Tradicionalmente, o espaço rural, destinado ao mundo agrícola, tem como contraponto o espaço urbano. Embora, modernamente, estes espaços começassem a se tornar imprecisos, mais recentemente o meio rural, até por normativas legais, deixou de estar associado exclusivamente à agricultura.

Ressalta-se que o campo e a cidade são integrantes de um mesmo sistema econômico e social, com papéis interdependentes. Há uma divisão física, cultural e sociológica, mas que não os aparta. Ao contrário, os espaços rurais sempre tiveram uma relação especial com as áreas urbanas, já que estas eram, essencialmente, centros de consumo dos produtos agrícolas, mas também de prestação de serviços e fornecimento de bens à população agrícola. (BRYANT; RUSSWURM; MCLELAN, 1982, p. 5).

Salienta-se que, historicamente, os núcleos urbanos estão próximos de áreas e regiões dotadas com excelentes recursos naturais, que são utilizados para a alimentação e subsistência (recursos hidrológicos e agrícolas), para fornecimento de matérias‐primas (ex. recursos geológicos/mineralógicos) ou mesmo para o lazer e recreio.

Neste estudo, tratamos dos espaços rurais sob a influência da expansão das cidades, transformados em “rurbanos”, face ao avanço do urbano sobre o rural. Mas existem áreas mais distantes dos núcleos urbanos que podem ser exclusivamente dedicadas ao mundo agrícola. Essa diferenciação de forma gradativa demonstra que, em torno dos núcleos urbanos, estabelecem‐se anéis concêntricos sucessivos, que representam áreas cuja influência desse meio urbano sobre as práticas e usos do solo agrícolas é maior ou menor, consoante à distância e a esse centro (Figura 17).

Figura 17 - Espaços rurais: tipologias (2008) Fonte: Fernandes (2008, p. 113).

Verifica-se que, nos espaços rurais situados junto das zonas urbanizáveis, as pressões decorrentes do incessante processo de periurbanização são maiores e o avanço em direção a essas áreas afeta a produção local, mesmo porque nessas áreas existe uma agricultura mais frágil, pontuando-se que, no limite, a periurbanização insere‐se nos espaços onde a agricultura está em vias de desaparecer totalmente. Nesses espaços pratica‐se a denominada “agricultura periurbana” ou mesmo a “agricultura urbana” (DIRY, 1999, p. 85).

Em razão de ações de constrangimentos derivados do crescimento urbano, essa modalidade de agricultura, que tem um papel fundamental no abastecimento local, recebe as consequências do ato potencializadas, representadas pela redução da viabilidade econômica das atividades, pela degradação do meio ambiente e pela interferência nas próprias relações sociais entre cidade e campo.
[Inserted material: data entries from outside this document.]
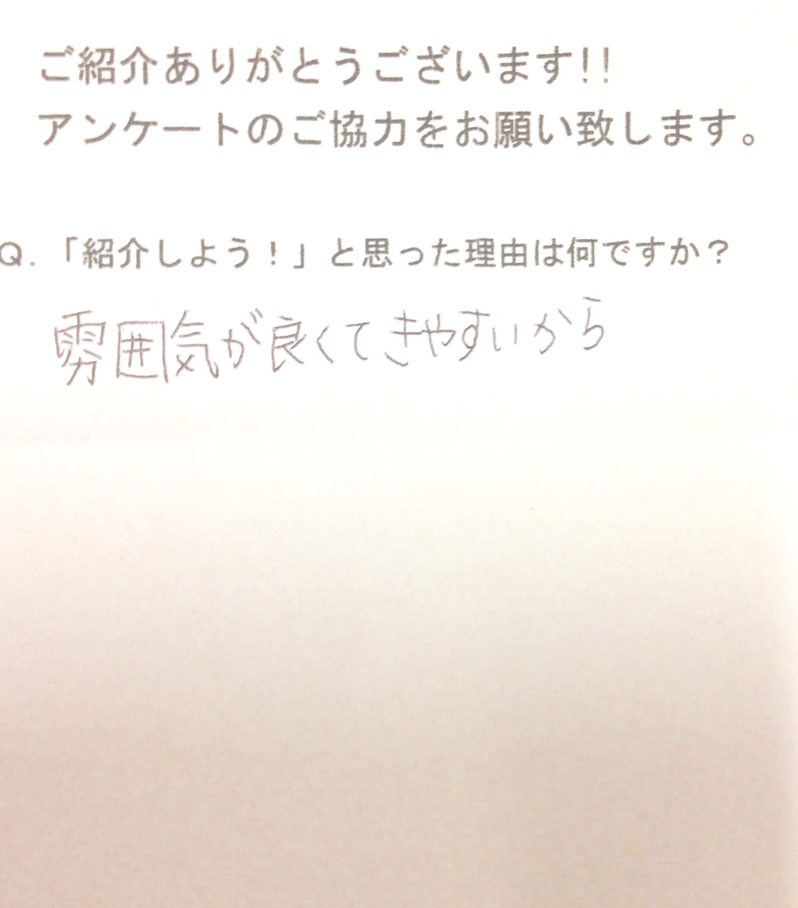 M様 ご紹介ありがとうございました。(^o^) お友達の方も安心して通って頂ける様に頑張ります♡ 次回のご来店も心よりお待ちしております。
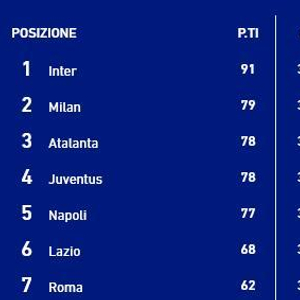 在本赛季意甲最后一轮开球前,国际米兰已经提前加冕联赛冠军,亚特兰大也锁定前四,只是排名未定。同分的那不勒斯与AC米兰手握冲击欧冠资格的主动权,而尤文图斯只能在全力争胜的同时期待对手犯错。
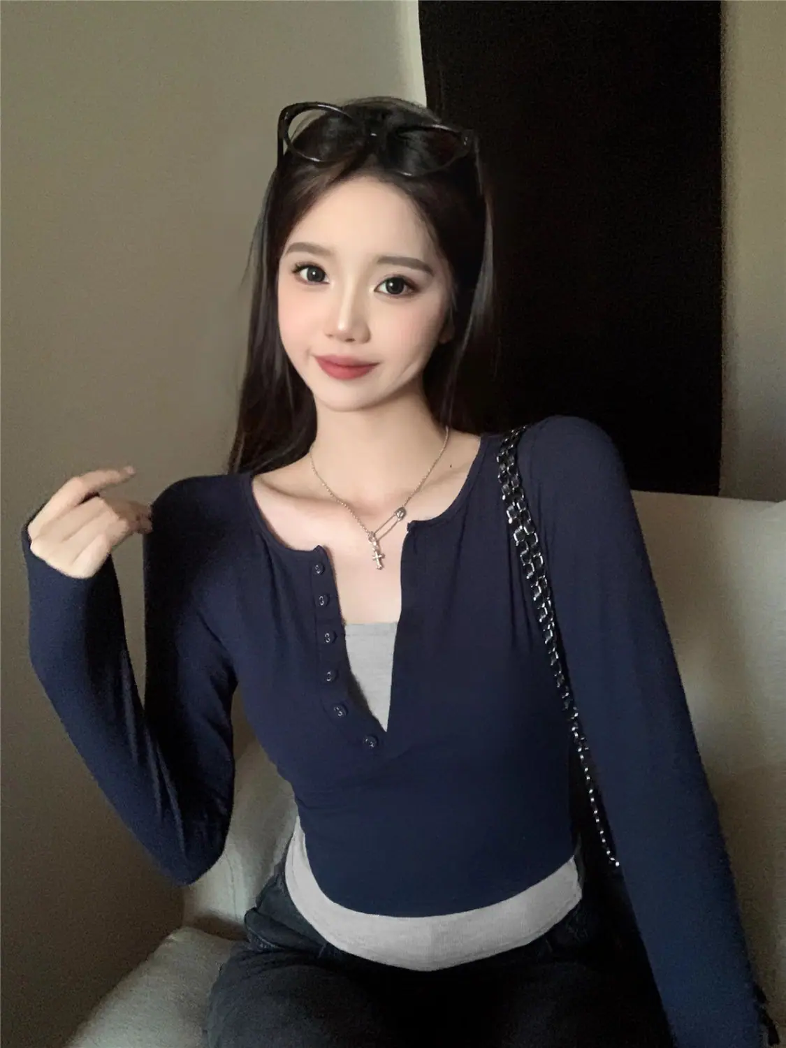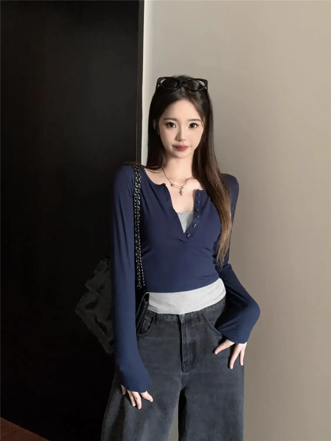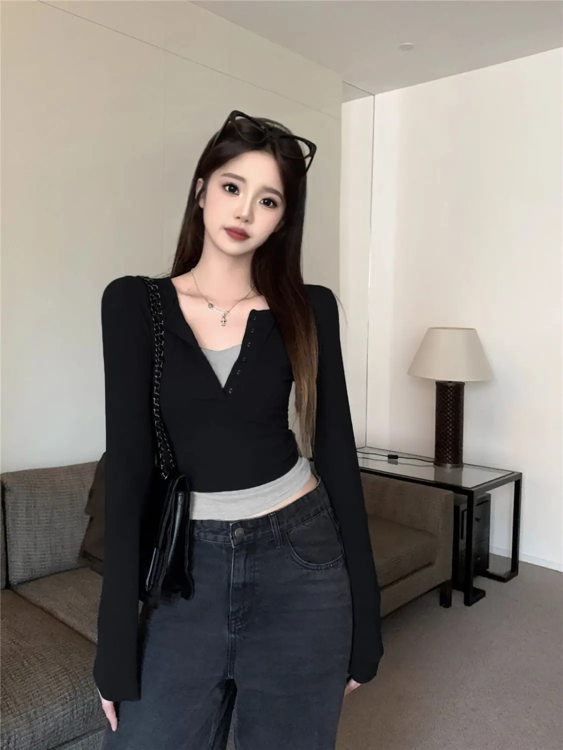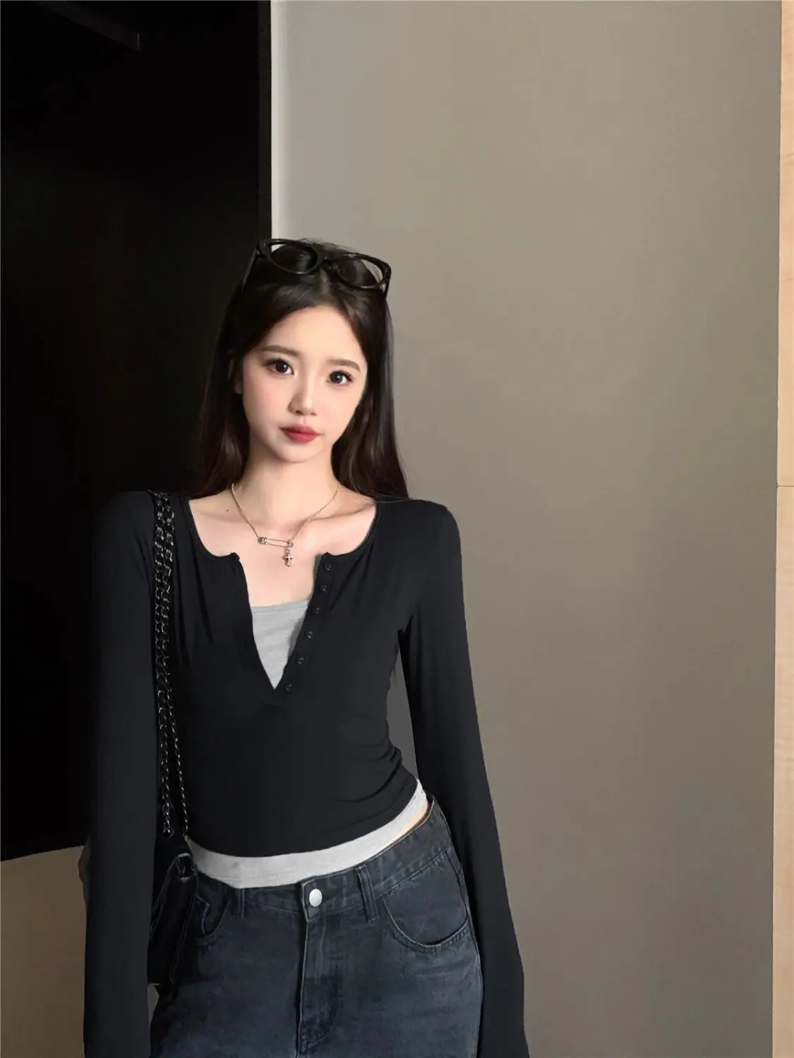 Camiseta de manga larga corta ajustada de dos piezas falsas con sentido del diseño, otoño nicho chica hot casual patchwork top ins mujeres
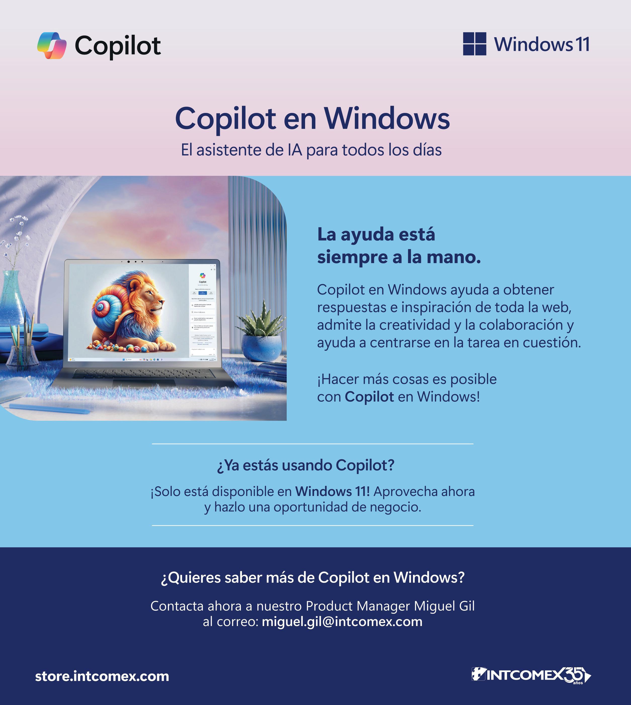 La actualización a Microsoft Windows 11 y la Inteligencia Artificial de Copilot representan oportunidades de negocio para los distribuidores e Intcomex las dio a conocer para obtener de éstas el mayor provecho.
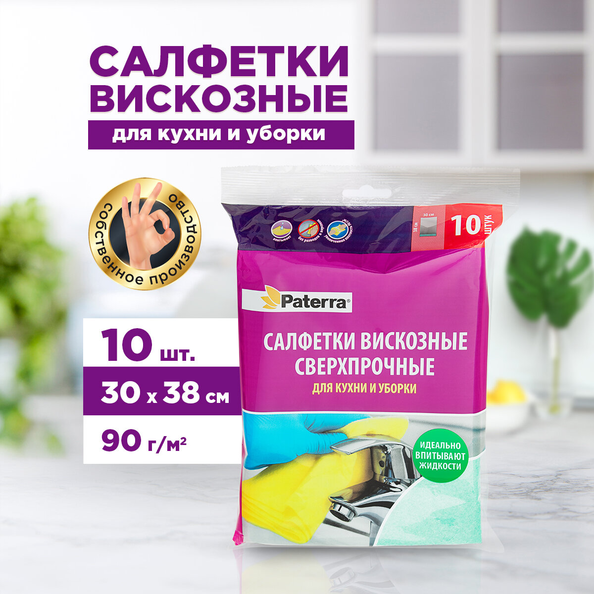 Салфетки вискозные «сверхпрочные» для кухни и уборки, PATERRA, 10 шт. в упаковке, 30 х 38 см

Aspectos elementares não são observados no tratamento das áreas rurais, como: instrumentos de planejamento, que comportem políticas agrícolas e dificultem a reclassificação do uso do solo rural; criação de instrumentos legais de suporte à profissionalização das atividades rurais e do equilíbrio de taxação das terras; reforço da

relação entre cidade e campo, baseado na cooperação e coesão territorial; financiamento municipal, especialmente para as áreas agrícolas protegidas, fator que reforça a viabilidade econômica e fortalece a região; e, sempre que houver ações de avanço sobre o rural, a realização de estudo do impacto da ação em relação ao meio ambiente, a produção, ao mercado local e a atividade no contexto sistêmico.

Não iremos nos aprofundar neste estudo, mas Diry (1999, p. 14) afirma que “os estudos de espaços e paisagens rurais assenta, basicamente, em três variáveis importantes: o meio natural, as heranças históricas e a atuação dos intervenientes contemporâneos”. O meio natural deriva do tipo de solo e da morfologia do terreno, embora a progressiva artificialização dos modos de produção e os fortes melhoramentos nas técnicas agrícolas possam tornar os fatores físicos como “variáveis secundárias”. O fator histórico modifica os espaços e as paisagens rurais, imprimindo características que acabam por se perpetuar ao longo do tempo futuro. E as atuações contemporâneas dizem respeito, principalmente, às opções tomadas quotidianamente por quem vive e atua no mundo rural.